The legislative proposal would save money by reducing travel, limiting purchase of equipment and eliminating 2,200 vacant government jobs. It also would put millions of dollars into cash reserves.
Gunn and Republican Lt. Gov. Tate Reeves — who alternate as chairmen of the Budget Committee — said the proposal would not pay for ongoing expenses, such as salaries, by using sources of money that are available only a single year at a time, such as winnings from lawsuit settlements. During the Great Recession, legislators often used one-time money to supplement the budget, but critics say the practice is a bad habit.
“I think we’re in fantastic financial shape,” Gunn said Tuesday.
However, Democratic Sen. Hob Bryan of Amory said the proposal by the Republican-controlled budget committee ignores serious problems in one of the poorest states in the nation.
“While leaving our children uneducated and letting our highway system crumble, they’re putting money in the bank in Jackson and claiming that’s good,” Bryan said.
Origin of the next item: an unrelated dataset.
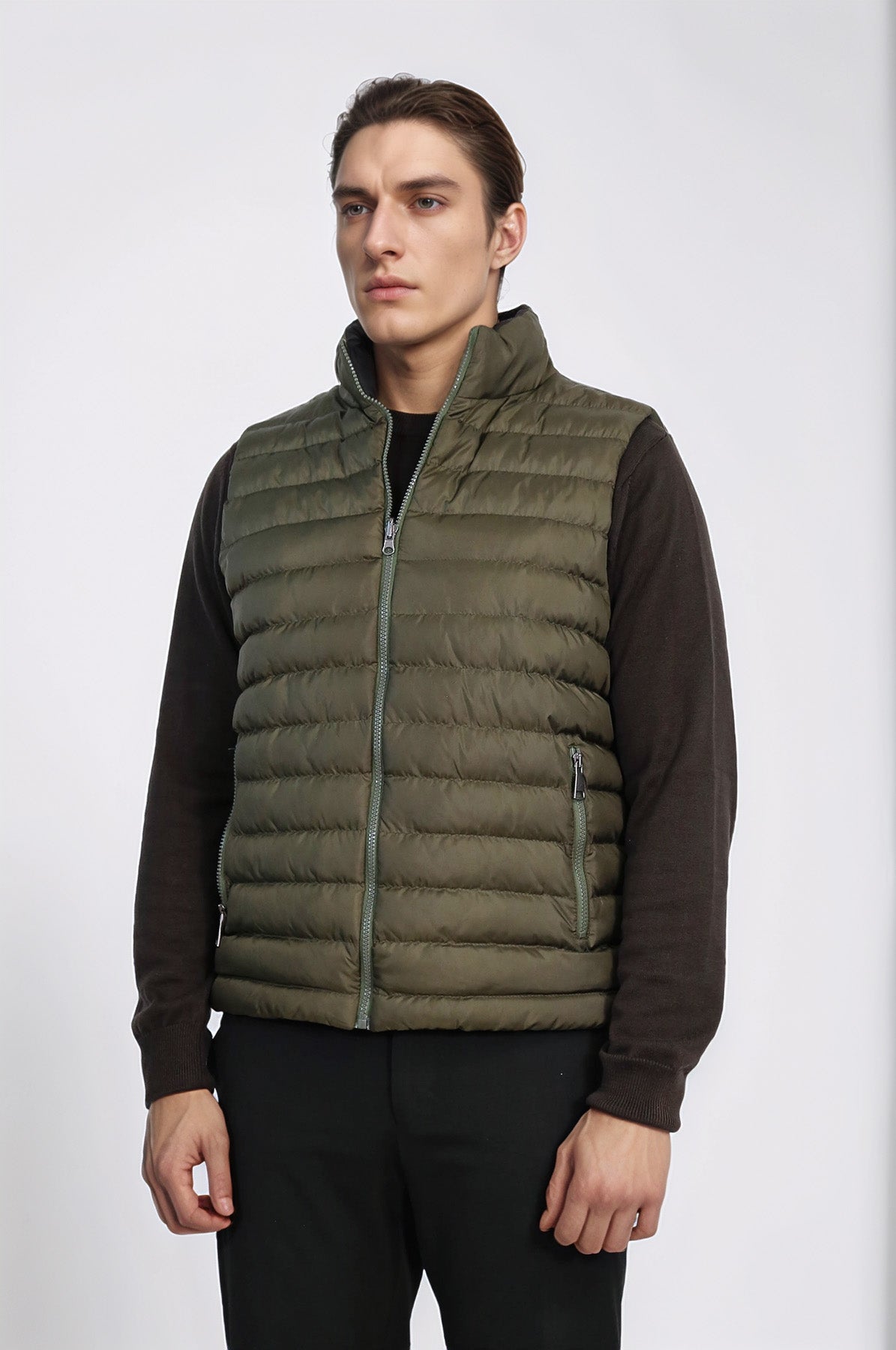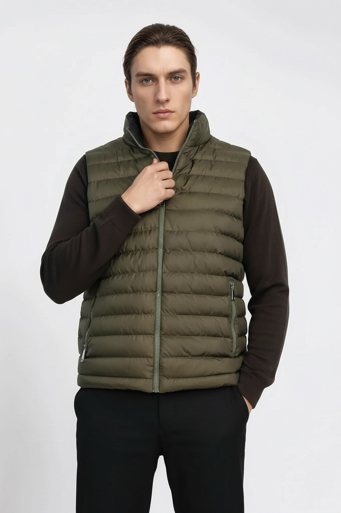 If you want to stay warm and look stylish on cold winter days, meet the green men's winter vest, a candidate to be an indispensable part of your wardrobe. This vest keeps you warm with its two pockets, zipper, stand-up collar and quilted seams, while adding a different dimension to your style with its reversible design. To create a sporty-chic outfit, you can base it on your green vest. Wear a dark sweater or knitwear in contrast with the vivid green color of the vest. Add a sport shirt or t-shirt with a relaxed fit to emphasize comfort. You can choose a pair of jeans or chinos with a relaxed fit underneath. Complete your outfit by matching the color of these pants with the vest. Combine elegance and comfort by wearing white sneakers on your feet. As a finishing touch, you can add accessories like wristbands or a sports hat to personalize your style. The green men's winter vest is the perfect option for those who want to achieve sporty chic. Keeping you warm and highlighting your style, this vest will be one of your favorite pieces in winter.

Mississippi’s tax collections were higher than expected for the first five months of the current fiscal year, and experts have predicted slow but steady growth in the state economy. Both of those things point toward the possibility that during the final weeks of the budget-writing process, legislators could increase the estimate of how much money the state will have available to spend in the coming year.
Legislative leaders also said Tuesday that some form of tax cut could be considered during the 2015 election-year session, when most lawmakers and statewide elected officials are gearing up to seek another four-year term.
“I think it’s certainly time for us to start having that conversation,” Reeves said when asked about the possibility of a tax cut proposal. However, he offered no specifics.
Bryant has said he’d like to cut taxes for people earning less than $53,000 a year. The governor estimated last month that about 300,000 households would benefit from the proposed $78.7 million cut.